Rachel Maddow in Conversation with Steven J. Ross — The Secret War Against Hate
Rachel Maddow joins historian Steven J. Ross to discuss his new book on American resistance to antisemitism and white supremacy after WWII.
Why we picked this
Ross's book upends the comforting myth that postwar America turned tolerant — hate groups doubled in the years after V-E Day. Maddow's instinct for political narrative makes her the right interlocutor for a historian who writes like a thriller author.
Americans like to believe the end of World War II ushered in a new era of tolerance.
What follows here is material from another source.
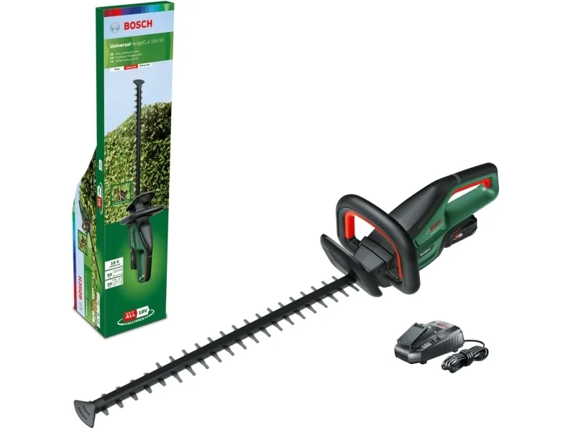 Boschs batteridrevne 18V UniversalHedgeCut 18V-50 med børsteløs motor leverer høy effekt, noe som gir betydelig lengre levetid. Den lette konstruksjonen reduserer belastningen, noe som gjør det behagelig å arbeide lenge med hekksaging. UniversalHedgeCut 18V-50 er det perfekte valget for trimming av mellomstore hekker som bartrær, liguster, laurbær og bøk med en grentykkelse på opptil 20 mm. Med en batteritid på opptil 75 minutter og en batteriindikator som gjør det enkelt å kontrollere batteristatusen mens du arbeider, er risikoen for å gå tom for strøm betydelig redusert. Det laserskårne, diamantslipte bladet gir skarpe kutt av høy kvalitet for optimal ytelse og holdbarhet.

Historian Steven J. Ross argues the opposite: antisemitism and organized racism surged in the years immediately after 1945, with the number of hate groups more than doubling between 1940 and 1946 as violence broke out in cities across the country. His new book, The Secret War Against Hate: American Resistance to Antisemitism and White Supremacy, is the story of what ordinary Americans did about it — the spy networks, legal strategies, and civic coalitions that pushed back against the worst of it, and what that resistance can teach us now.
Rachel Maddow, whose own work has consistently examined the deep roots of American authoritarianism, is an ideal conversation partner for Ross’s revisionist history. The questions his research raises are not merely historical: how have organized hate movements been stopped before, at what cost, and by whom? The mechanisms Ross uncovers — infiltration, litigation, coalition-building — bear an uncomfortable resemblance to strategies being debated in the present.
This is the kind of 92NY evening that earns the institution’s reputation: a serious scholar with a genuinely surprising argument, in conversation with someone smart enough to push it.